Until mid-April 1864, Gibson primarily recorded the weather, his daily routine and observations of camp life in Plymouth, North Carolina. He had decided on January 5 not to re-enlist when his term of service ended and was counting the months until he returned home. On April 18, however, his regiment encountered Confederate forces, and “after a night of terror” the enemy surrounded them. After “a most terrific street fight” on the morning of April 20, Gibson became a prisoner of war and arrived at the military prison in Andersonville, Georgia, on May 3.

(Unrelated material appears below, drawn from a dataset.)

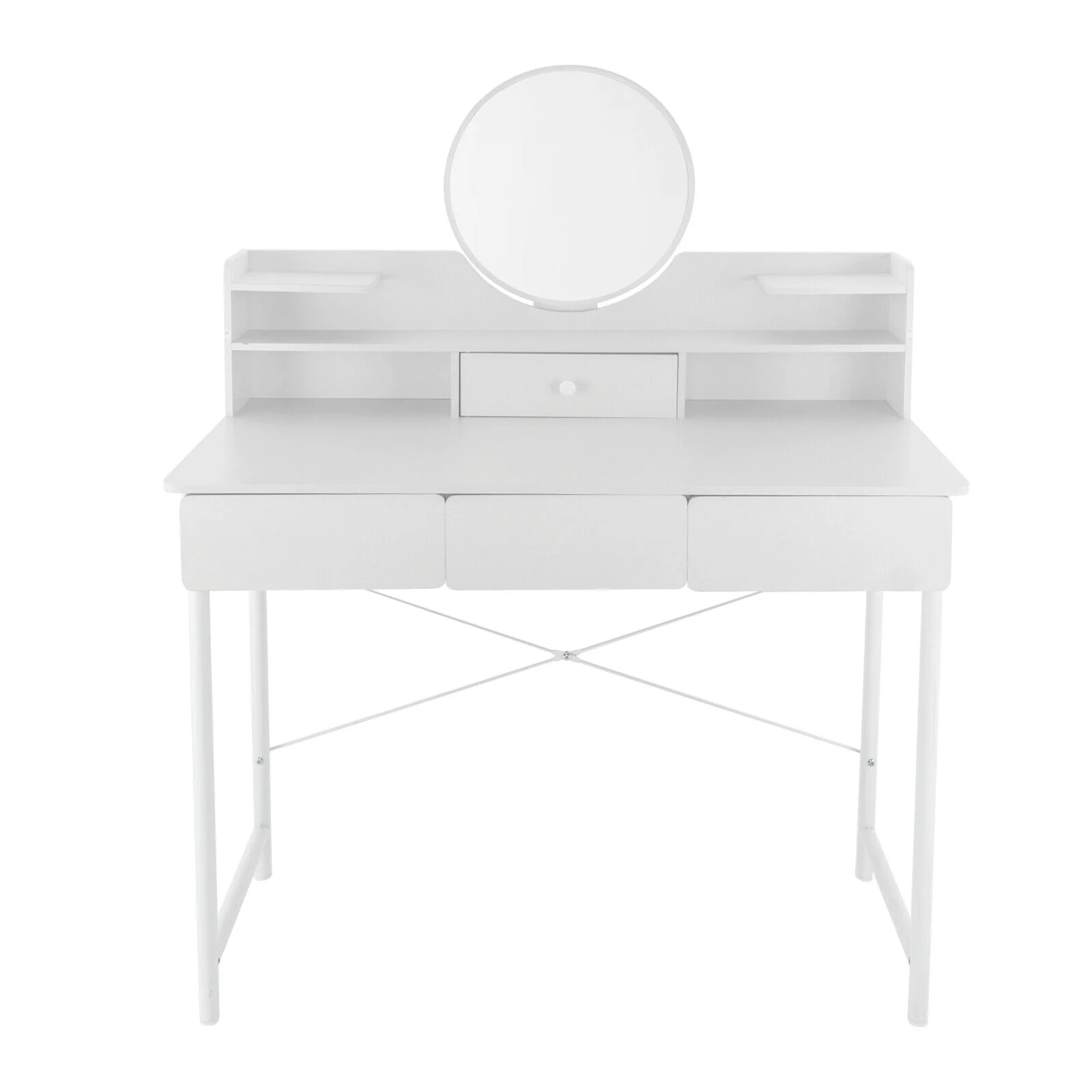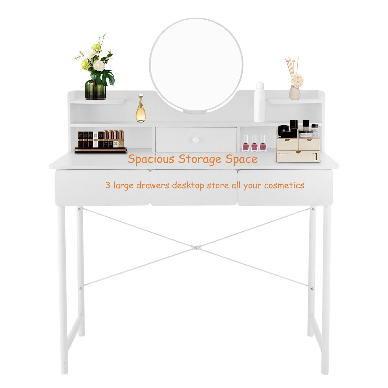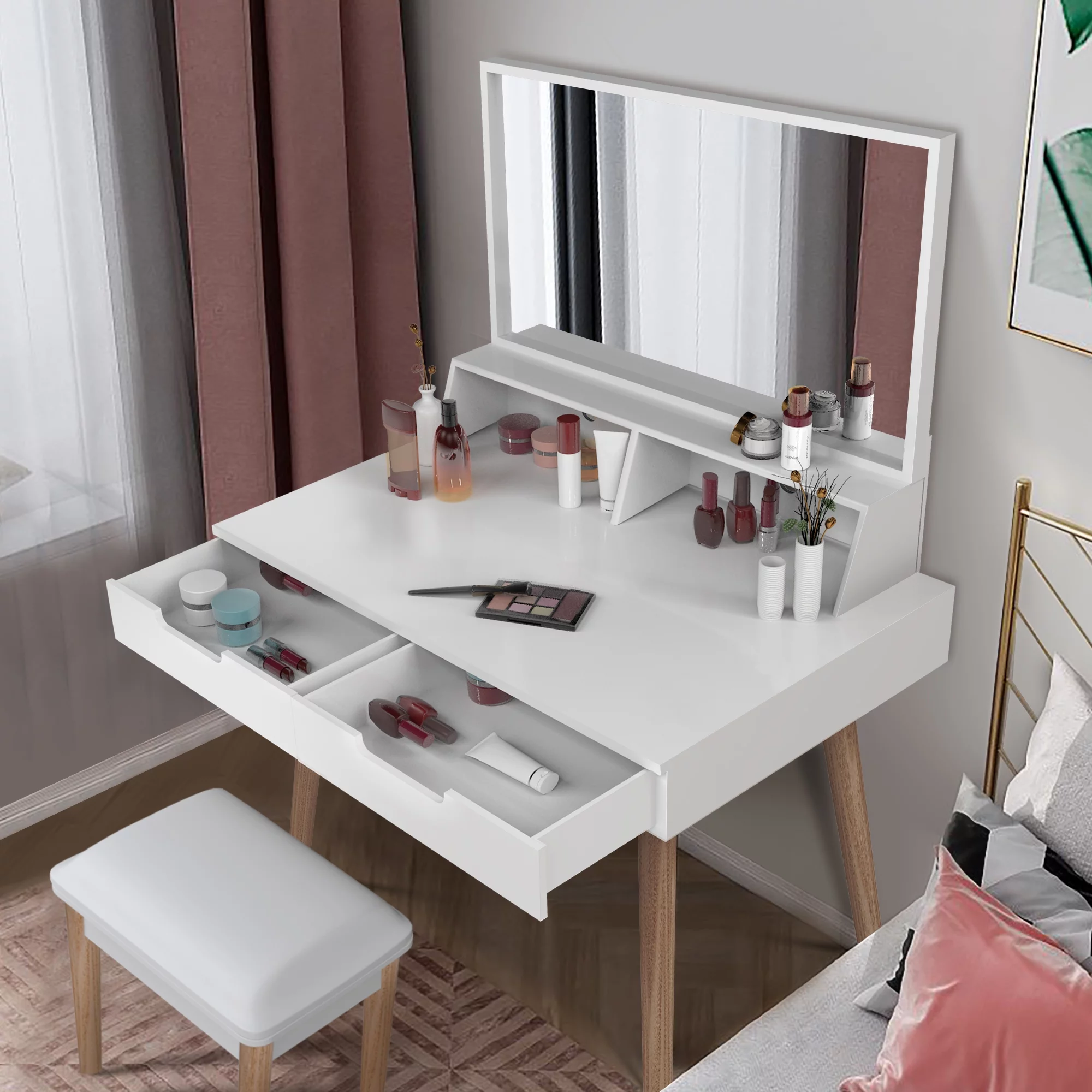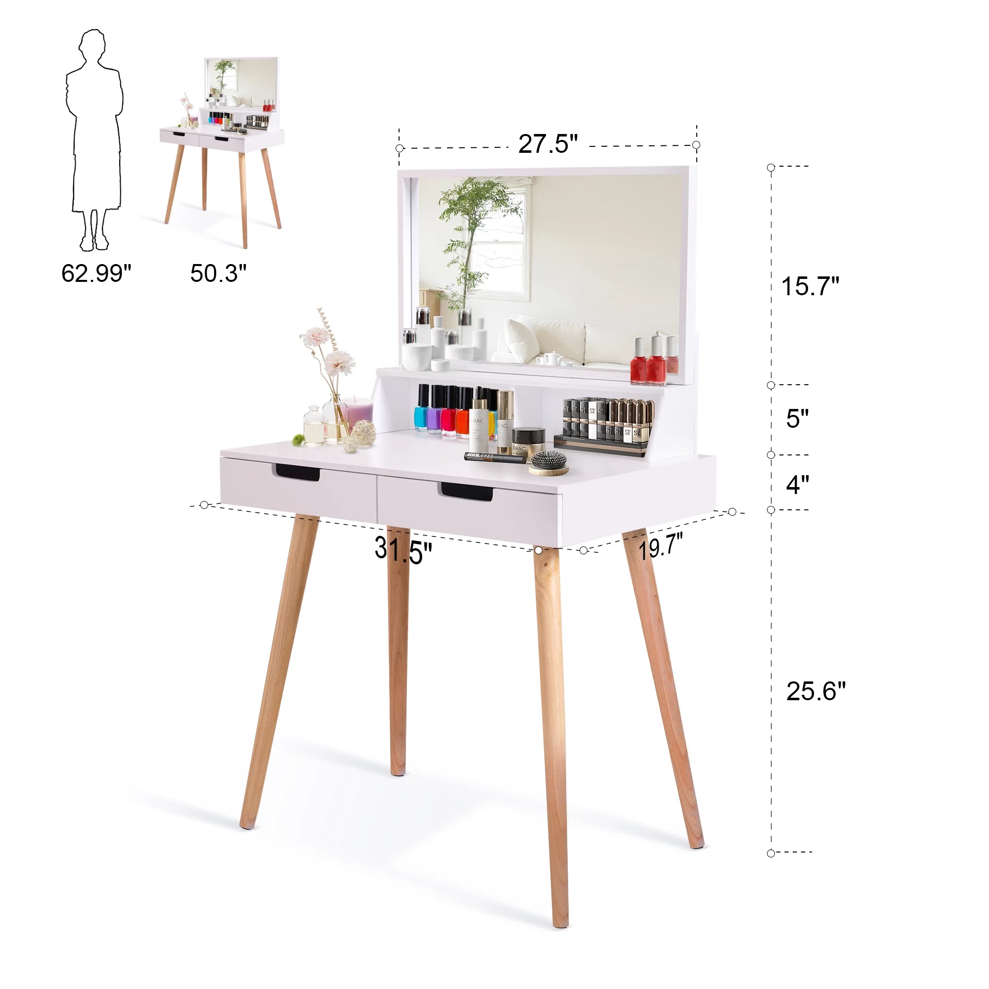 Facilehome Modern Vanity Table with Length Mirror Dressing Table with Drawers, White Finish

On June 12, 1864, Gibson penned a letter to his wife, Rachel, in Pennsylvania. He assured her that while his condition at Andersonville was “by no means a desirable one,” it “might be a great deal worse.(?)” He and his comrades were “in tolerably good health” but suffered “a good deal from the hot weather.” “Give yourself no uneasiness concerning me,” he wrote to allay his wife’s fears. “I can live where any other man can.”